§ Problem requirements:
From the first line to the last, please print the entries exactly, omitting pictures.

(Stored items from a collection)
=-=-=

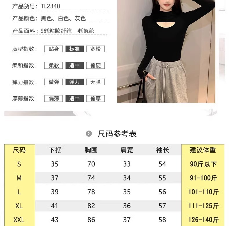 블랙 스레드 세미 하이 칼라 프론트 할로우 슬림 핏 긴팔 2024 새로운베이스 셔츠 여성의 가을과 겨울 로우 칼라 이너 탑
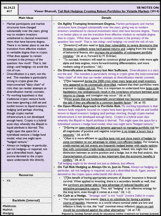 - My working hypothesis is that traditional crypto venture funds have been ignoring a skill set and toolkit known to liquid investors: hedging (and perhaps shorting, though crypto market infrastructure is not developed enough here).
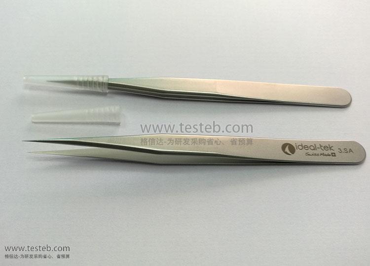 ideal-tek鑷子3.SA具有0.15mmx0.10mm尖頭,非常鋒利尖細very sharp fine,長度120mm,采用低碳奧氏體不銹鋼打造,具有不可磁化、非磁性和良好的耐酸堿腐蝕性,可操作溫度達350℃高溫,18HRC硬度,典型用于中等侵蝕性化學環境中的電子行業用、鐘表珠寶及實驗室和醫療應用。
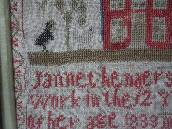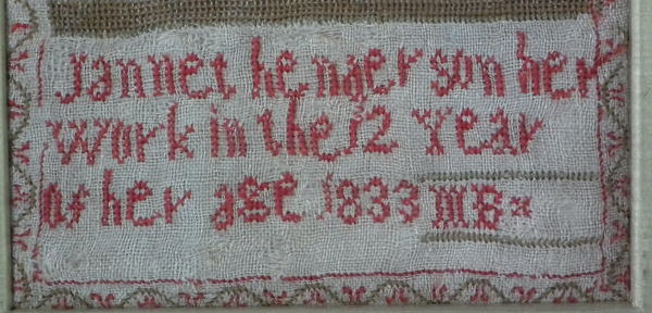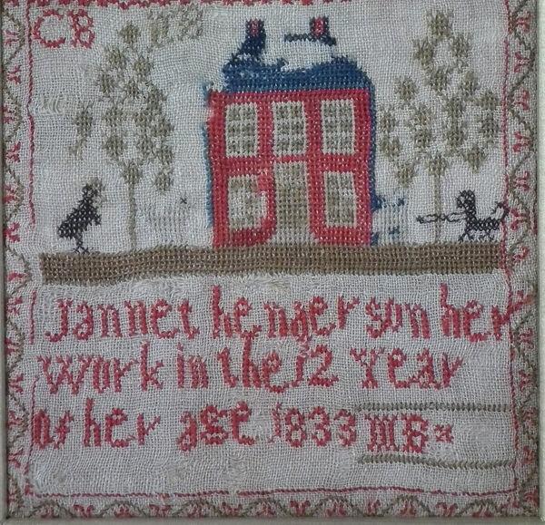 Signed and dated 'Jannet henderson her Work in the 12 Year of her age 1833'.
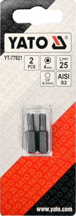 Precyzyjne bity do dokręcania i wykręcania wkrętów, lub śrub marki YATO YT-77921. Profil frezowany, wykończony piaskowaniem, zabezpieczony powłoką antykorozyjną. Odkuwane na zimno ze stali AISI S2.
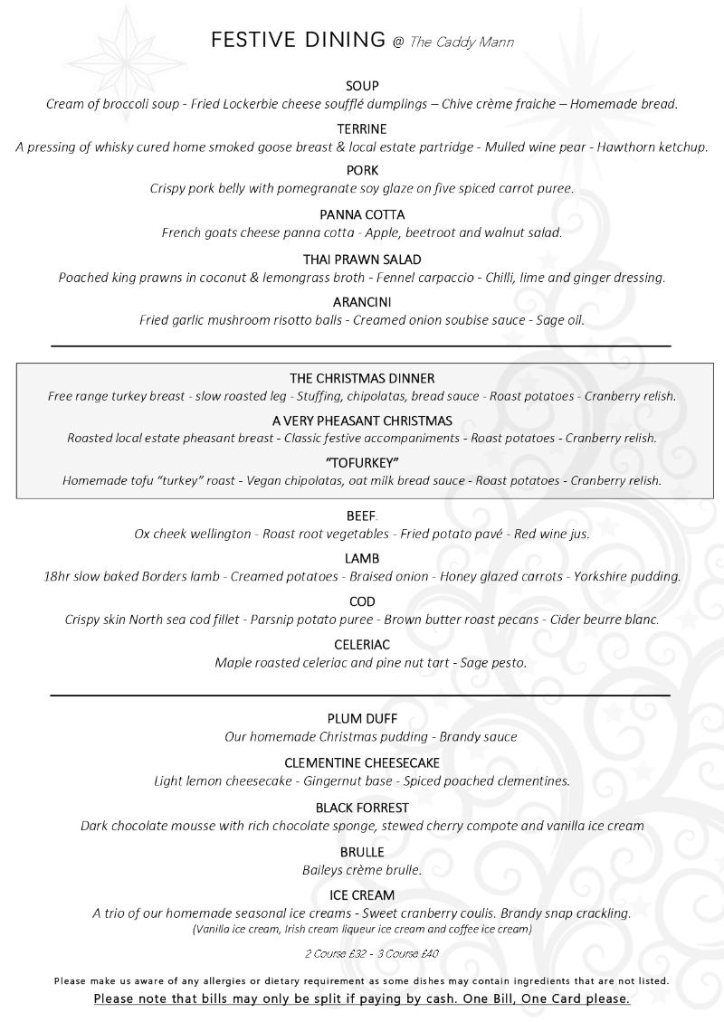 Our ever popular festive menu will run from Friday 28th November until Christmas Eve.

=-=-=

§ Written reply:
 블랙 스레드 세미 하이 칼라 프론트 할로우 슬림 핏 긴팔 2024 새로운베이스 셔츠 여성의 가을과 겨울 로우 칼라 이너 탑
 - My working hypothesis is that traditional crypto venture funds have been ignoring a skill set and toolkit known to liquid investors: hedging (and perhaps shorting, though crypto market infrastructure is not developed enough here).
 ideal-tek鑷子3.SA具有0.15mmx0.10mm尖頭,非常鋒利尖細very sharp fine,長度120mm,采用低碳奧氏體不銹鋼打造,具有不可磁化、非磁性和良好的耐酸堿腐蝕性,可操作溫度達350℃高溫,18HRC硬度,典型用于中等侵蝕性化學環境中的電子行業用、鐘表珠寶及實驗室和醫療應用。
 Signed and dated 'Jannet henderson her Work in the 12 Year of her age 1833'.
 Precyzyjne bity do dokręcania i wykręcania wkrętów, lub śrub marki YATO YT-77921. Profil frezowany, wykończony piaskowaniem, zabezpieczony powłoką antykorozyjną. Odkuwane na zimno ze stali AISI S2.
 Our ever popular festive menu will run from Friday 28th November until Christmas Eve.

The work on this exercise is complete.